Associate Team involved in the International Lab: Data@Exascale 2
  • Project Acronym: Data@Exascale 2.

  • Project Title: Convergent Data Storage and Processing Approaches for Exascale Computing and Big Data Analytics.

  • International Partner:

    • Argonne National Laboratory (United States) — Mathematics and Computer Science Division (MCS) — Rob Ross.

  • Start year: 2013.

  • URL: http://www.irisa.fr/kerdata/data-at-exascale/.

  • Description: In the past few years, countries including United States, the European Union, Japan and China have set up aggressive plans to get closer to what appears to be the next goal in terms of high-performance computing (HPC): Exaflop computing, a target which is now considered reachable by the next-generation supercomputers in 2020-2023. While these government-led initiatives have naturally focused on the big challenges of Exascale for the development of new hardware and software architectures, the quite recent emergence of the Big Data phenomenon introduces what could be called a tectonic shift that is impacting the entire research landscape for Exascale computing. As data generation capabilities in most science domains are now growing substantially faster than computational capabilities, causing these domains to become data-intensive, new challenges appeared in terms of volumes and velocity for data to be stored, processed and analyzed on the future Exascale machines.

    To face the challenges generated by the exponential data growth (a general phenomenon in many fields), a certain progress has already been made in the recent years in the rapidly-developing, industry-led field of cloud-based Big Data analytics, where advanced tools emerged, relying on machine-learning techniques and predictive analytics.

    Unfortunately, these advances cannot be immediately applied to Exascale computing: the tools and cultures of the two worlds, HPC (High-Performance Computing) and BDA (Big Data Analytics) have developed in a divergent fashion (in terms of major focus and technical approaches), to the detriment of both. The two worlds share however multiple similar challenges and unification now appears as essential in order to address the future challenges of major application domains that can benefit from both.

    The scientific program we propose for the Data@Exascale 2 Associate Team is defined from this new, highly-strategic perspective and builds on the idea that the design of innovative approaches to data I/O, storage and processing allowing Big Data analytics techniques and the newest HPC architectures to leverage each other clearly appears as a key catalyst factor for the convergence process.

Inria International Partners

DataCloud@Work
  • Title: DataCloud@Work.

  • International Partner:

    • Polytechnic University of Bucharest (Romania), Computer Science Department, Nicolae Tapus and Valentin Cristea.

  • Duration: 4 years.

  • Start year: 2013. The status of IIP was established right after the end of our former DataCloud@work Associate Team (2010–2012).

  • URL: https://www.irisa.fr/kerdata/doku.php?id=cloud_at_work:start.

  • Description: Our research topics address the area of distributed data management for cloud services, focusing on autonomic storage.
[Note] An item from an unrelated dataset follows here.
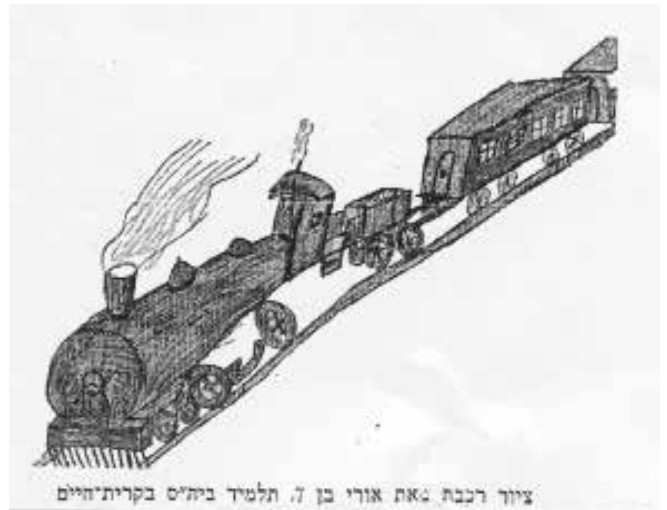
דבר לילדים, 26.1.1939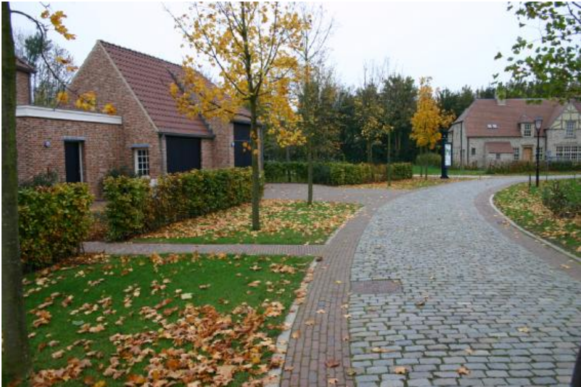
Mogelijke vormgeving van de ontsluitingsweg

Veel belang wordt gehecht aan de architectonische kwaliteit van de woningen die in het plan zullen worden gebouwd. Om deze kwaliteit te waarborgen is een beeldkwaliteitsplan opgesteld. Een kopie van het beeldkwaliteitsplan is als bijlage bij het plan gevoegd.

The goal is explore how to build an efficient, secure and reliable storage IaaS for data-intensive distributed applications running in cloud environments by enabling an autonomic behavior.

Informal International Partners

  • National University of Singapore (NUS): We collaborate on resource management for workflows in the cloud and optimizing graph processing in geo-distributed data-centers.